▸ PROBLEM DESCRIPTION: Please print the entries below exactly, from the line with "2-farbig • angesetzter" through the line with "1770 - قال رسول", including both of those lines and leaving out all others.

▸ DATA SUPPLIED:
== == ==
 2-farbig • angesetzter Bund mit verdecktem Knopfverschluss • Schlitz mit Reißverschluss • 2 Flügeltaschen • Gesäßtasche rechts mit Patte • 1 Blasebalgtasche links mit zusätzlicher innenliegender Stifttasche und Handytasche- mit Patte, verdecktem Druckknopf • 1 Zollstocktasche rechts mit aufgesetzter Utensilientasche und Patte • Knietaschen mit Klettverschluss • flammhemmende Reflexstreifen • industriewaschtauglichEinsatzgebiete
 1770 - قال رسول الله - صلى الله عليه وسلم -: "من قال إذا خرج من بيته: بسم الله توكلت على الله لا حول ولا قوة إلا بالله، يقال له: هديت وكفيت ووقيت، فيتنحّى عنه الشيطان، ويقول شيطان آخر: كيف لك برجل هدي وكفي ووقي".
== == ==
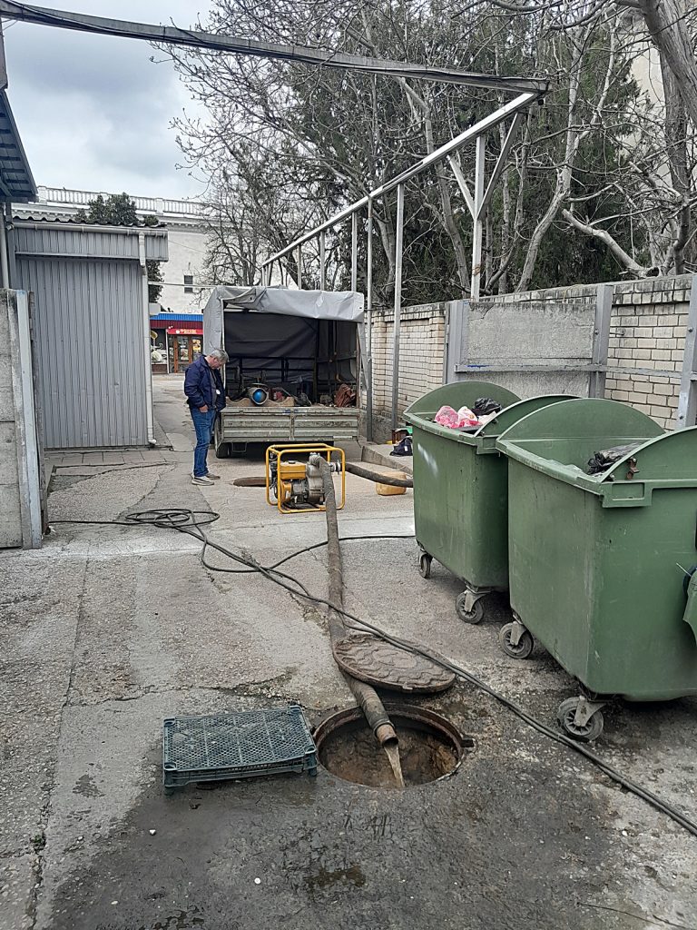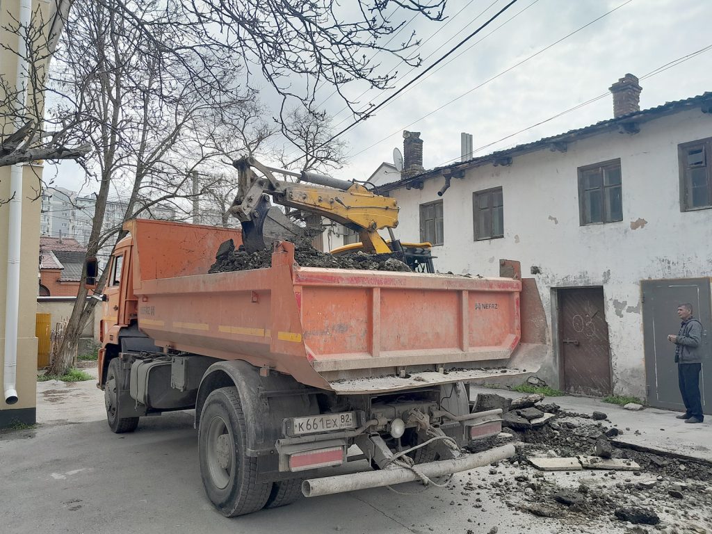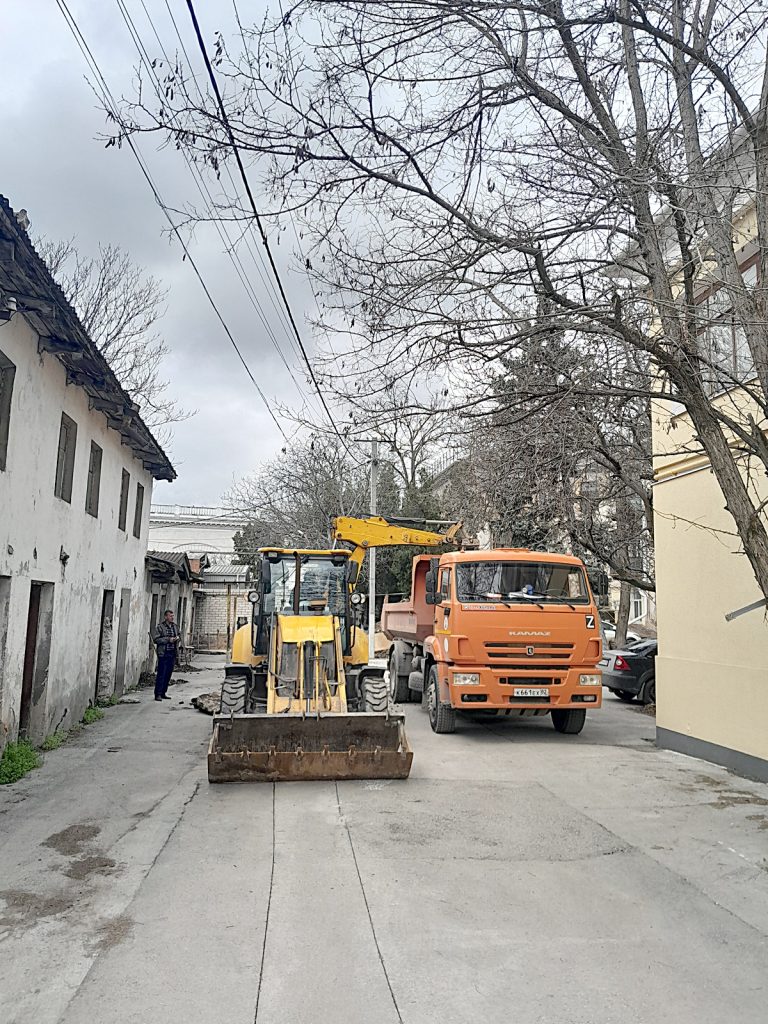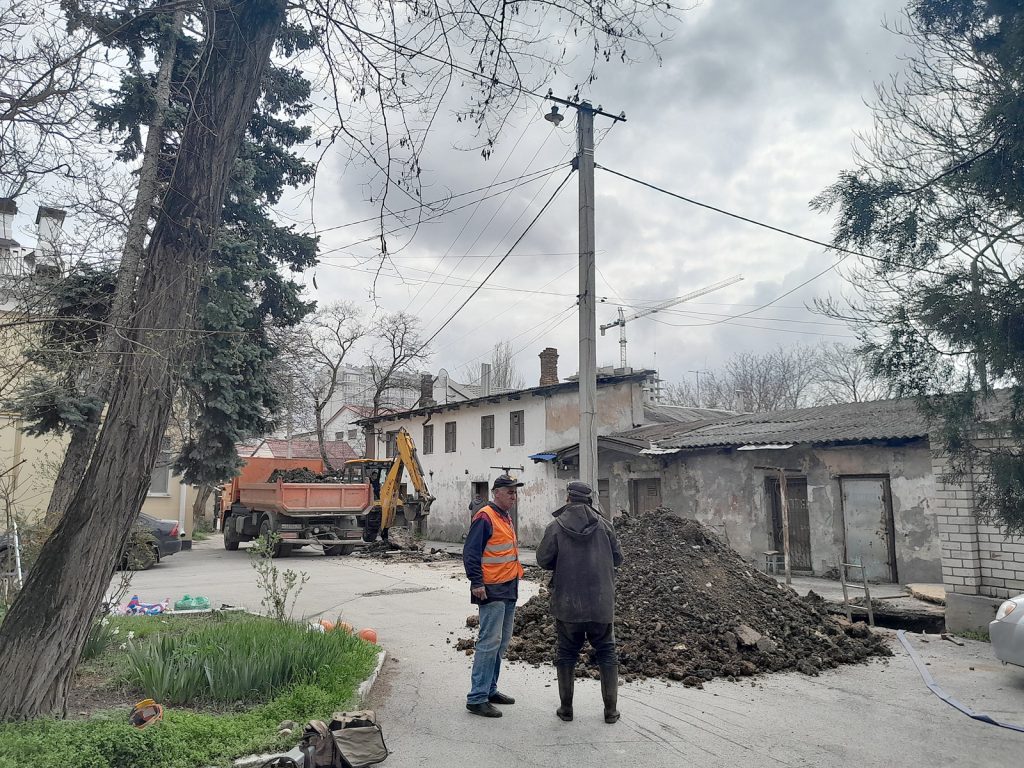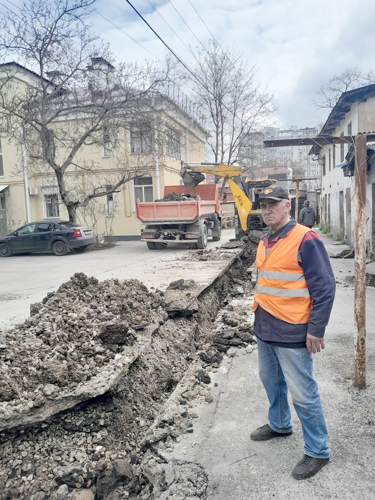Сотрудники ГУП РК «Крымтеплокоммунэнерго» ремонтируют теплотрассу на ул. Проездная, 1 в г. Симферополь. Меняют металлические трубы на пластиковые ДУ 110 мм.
== == ==
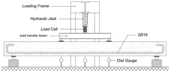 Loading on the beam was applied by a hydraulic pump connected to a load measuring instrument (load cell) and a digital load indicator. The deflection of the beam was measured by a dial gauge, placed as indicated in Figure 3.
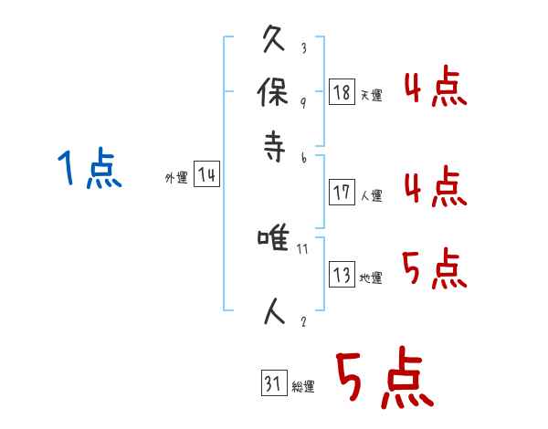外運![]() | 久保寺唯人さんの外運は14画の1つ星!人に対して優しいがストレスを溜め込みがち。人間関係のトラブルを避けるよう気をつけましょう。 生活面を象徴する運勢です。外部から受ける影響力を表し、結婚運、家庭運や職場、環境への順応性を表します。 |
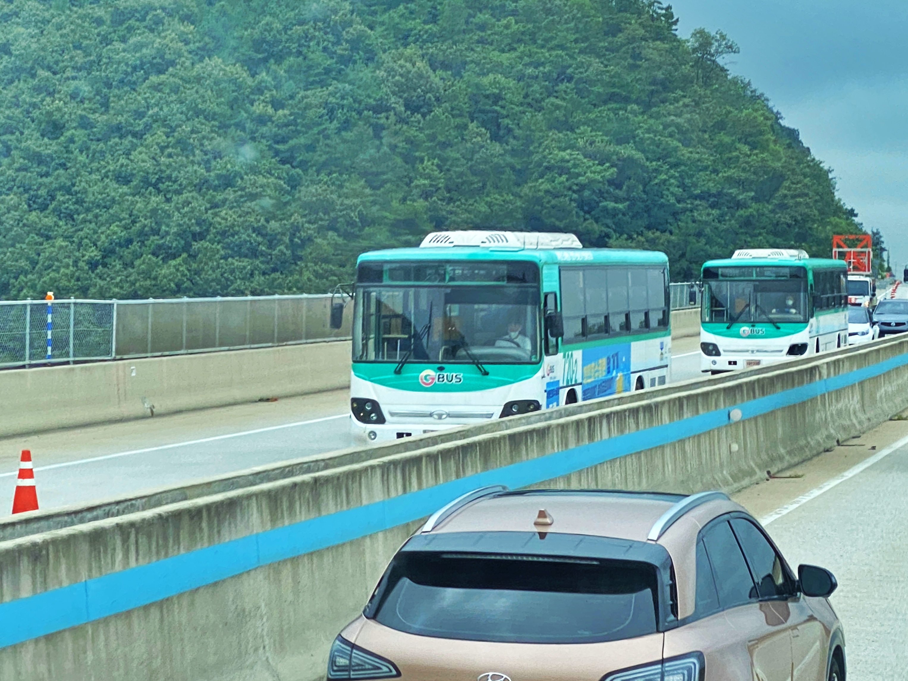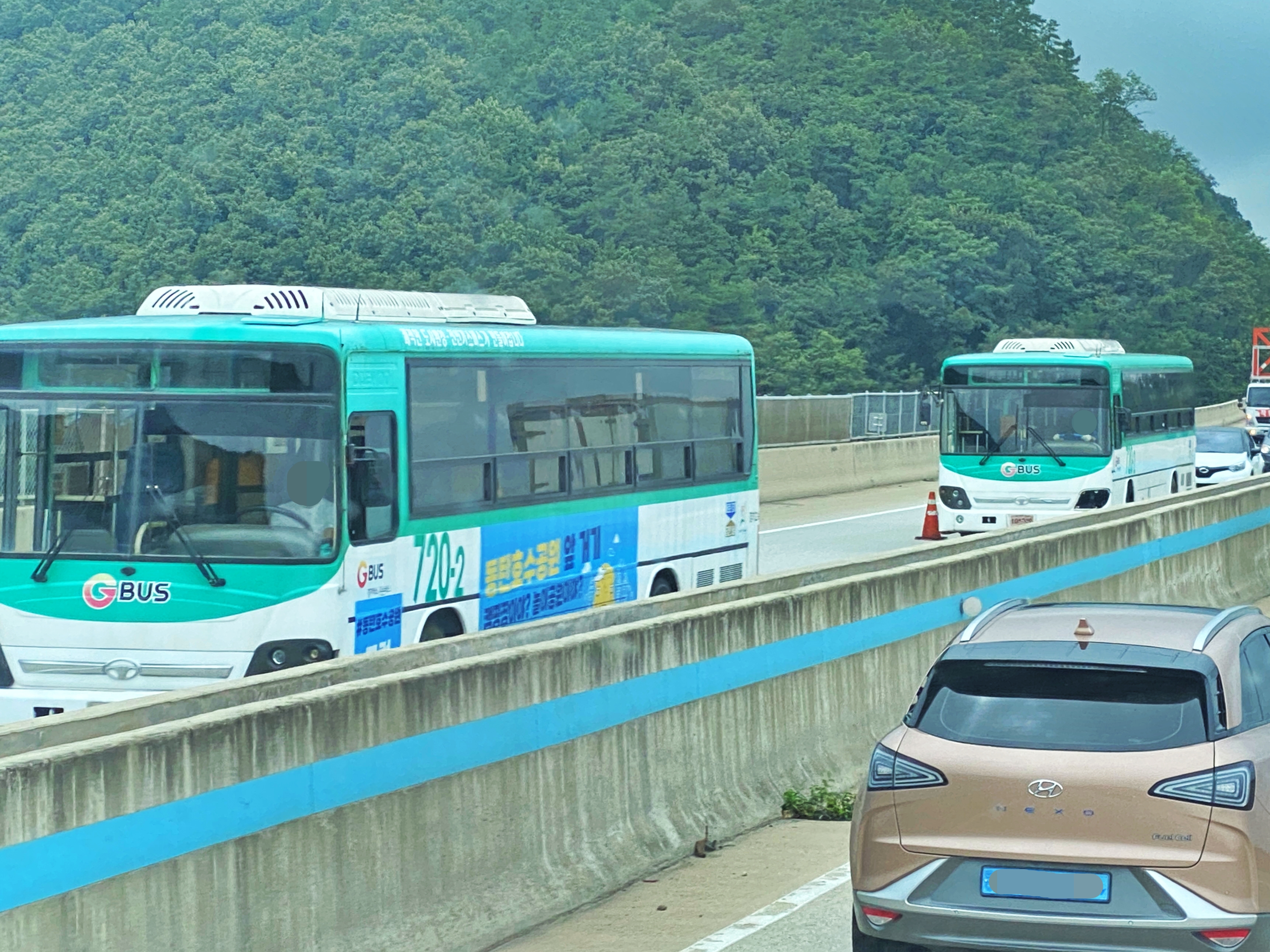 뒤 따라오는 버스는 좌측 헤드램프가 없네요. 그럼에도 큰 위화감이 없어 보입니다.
== == ==
▸ ANSWER TO THIS EXERCISE:
 2-farbig • angesetzter Bund mit verdecktem Knopfverschluss • Schlitz mit Reißverschluss • 2 Flügeltaschen • Gesäßtasche rechts mit Patte • 1 Blasebalgtasche links mit zusätzlicher innenliegender Stifttasche und Handytasche- mit Patte, verdecktem Druckknopf • 1 Zollstocktasche rechts mit aufgesetzter Utensilientasche und Patte • Knietaschen mit Klettverschluss • flammhemmende Reflexstreifen • industriewaschtauglichEinsatzgebiete
 1770 - قال رسول الله - صلى الله عليه وسلم -: "من قال إذا خرج من بيته: بسم الله توكلت على الله لا حول ولا قوة إلا بالله، يقال له: هديت وكفيت ووقيت، فيتنحّى عنه الشيطان، ويقول شيطان آخر: كيف لك برجل هدي وكفي ووقي".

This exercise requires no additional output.